··· Material for this task ···
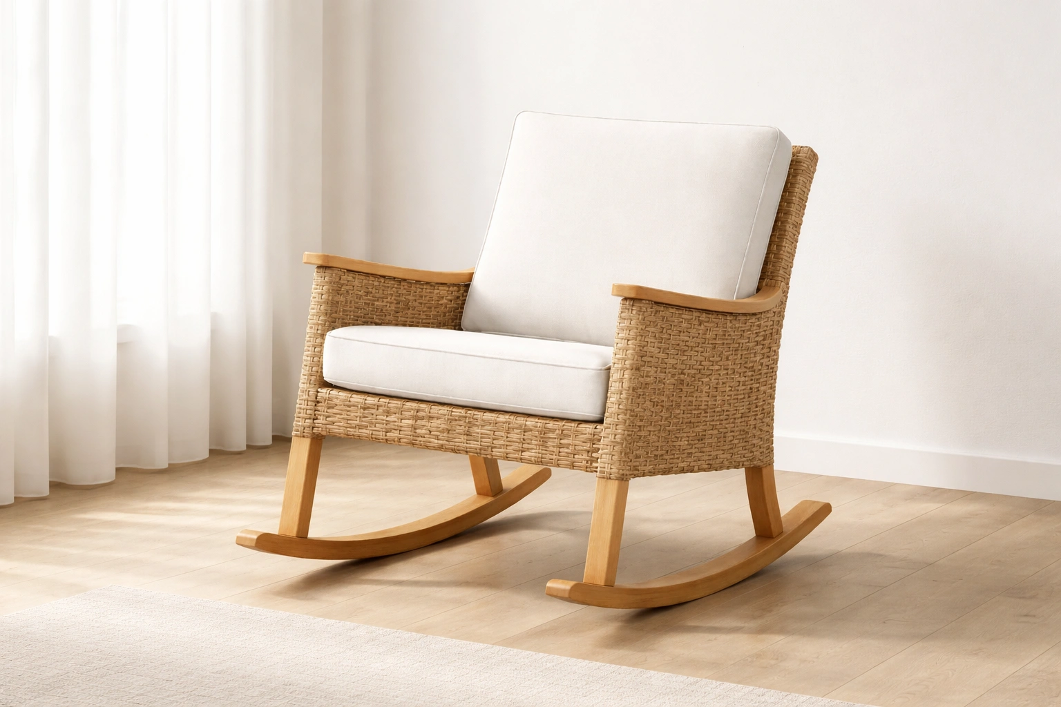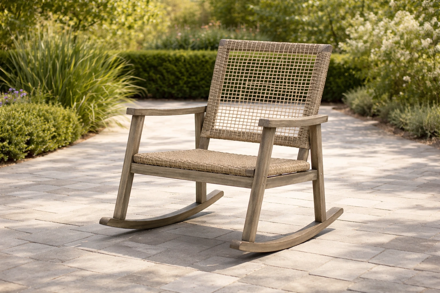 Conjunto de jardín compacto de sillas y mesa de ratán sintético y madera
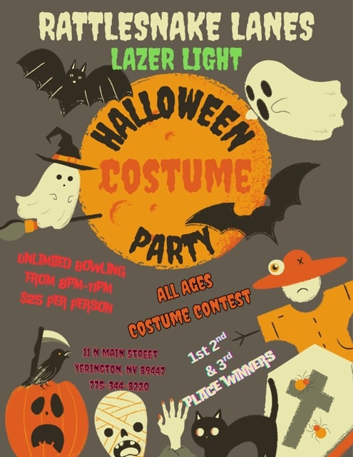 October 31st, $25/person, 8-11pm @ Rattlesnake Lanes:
···
··· Material for this task ···
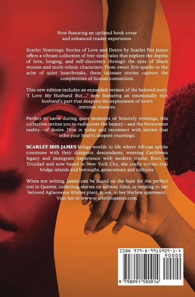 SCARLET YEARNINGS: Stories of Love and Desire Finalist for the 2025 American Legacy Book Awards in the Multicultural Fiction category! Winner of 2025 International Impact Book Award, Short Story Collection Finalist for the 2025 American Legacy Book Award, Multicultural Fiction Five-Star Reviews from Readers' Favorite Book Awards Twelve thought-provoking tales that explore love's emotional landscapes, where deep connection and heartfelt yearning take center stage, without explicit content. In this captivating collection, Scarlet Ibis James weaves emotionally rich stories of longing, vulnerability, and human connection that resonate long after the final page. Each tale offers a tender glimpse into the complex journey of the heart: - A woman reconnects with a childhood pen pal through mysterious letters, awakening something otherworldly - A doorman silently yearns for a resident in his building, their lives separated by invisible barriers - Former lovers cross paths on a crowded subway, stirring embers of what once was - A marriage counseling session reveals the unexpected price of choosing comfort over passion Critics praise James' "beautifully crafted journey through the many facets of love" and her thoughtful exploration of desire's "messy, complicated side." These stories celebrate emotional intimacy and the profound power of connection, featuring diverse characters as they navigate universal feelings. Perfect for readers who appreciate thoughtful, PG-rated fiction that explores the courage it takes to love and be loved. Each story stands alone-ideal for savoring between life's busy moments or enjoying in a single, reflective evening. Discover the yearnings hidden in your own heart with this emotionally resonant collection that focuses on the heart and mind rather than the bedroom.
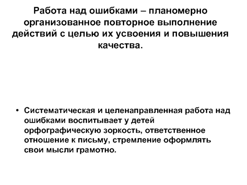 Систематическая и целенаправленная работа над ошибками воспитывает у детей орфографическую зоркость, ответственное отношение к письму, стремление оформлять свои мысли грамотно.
···
### Try it
Retype only the lines above from the one with "Conjunto de jardín" through the one with "October 31st, $25/person, 8-11pm", exactly and with both ends. Images stay out.

### Your response
 Conjunto de jardín compacto de sillas y mesa de ratán sintético y madera
 October 31st, $25/person, 8-11pm @ Rattlesnake Lanes:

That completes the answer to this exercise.